Does anyone know how thick the o-ring should be?
There's no up and down play in the oil pump, and when I removed it, it sat flush against the face of the engine without the gasket present. It was well attached to the gasket and needed a few taps with a rubber mallet to move it
Attached Files
#12
Posted 31 March 2024 - 09:50 AM
I'm thinking duff pump!
As in it's able to work when it has some nice viscous oil oil to pump, but when left to drain and air to enter isn't capable of expelling/pumping out the air.
P.S. MiniSpares will tell you everything it does / makes / sources is the very best quality, but that doesn't make it true....

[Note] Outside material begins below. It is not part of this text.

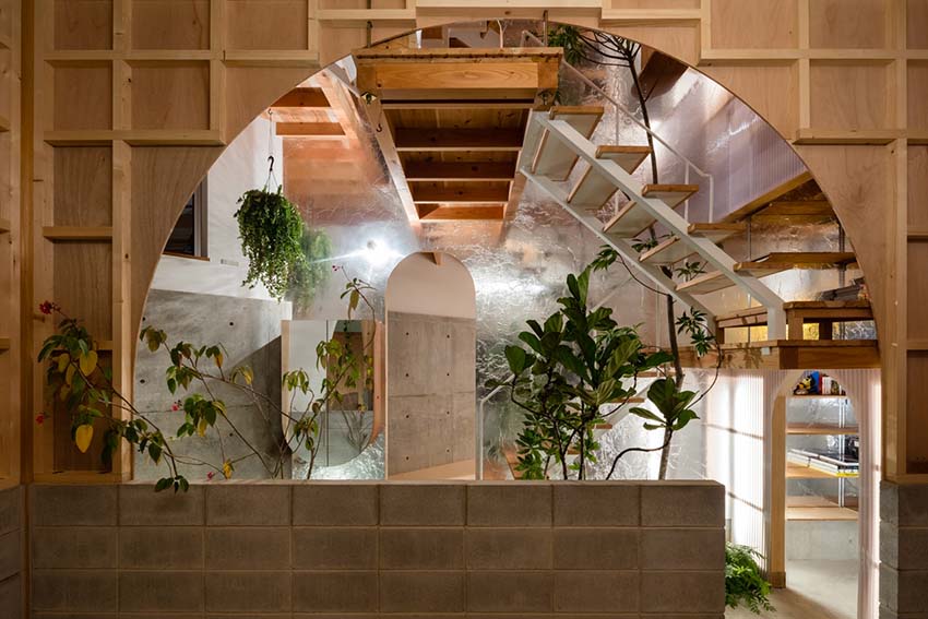玄関からこのインナーガーデンまではジグザグとした路地のような廊下で繋がります。

Edited by Beezle, 31 March 2024 - 09:53 AM.
#13
Posted 31 March 2024 - 10:13 AM
#14
Posted 31 March 2024 - 08:09 PM
It won't be the O-ring.
If it's not the pressure relief valve it will almost certainly be the pump. Fit a new Metro-Turbo pump and your problem will almost certainly be solved.
#15
Posted 01 April 2024 - 07:53 AM
When you’re looking for oil pressure each time - is this by turning over on the starter or with the engine running?
If with the starter how long are you trying for - it will take some time even if you previously had pressure.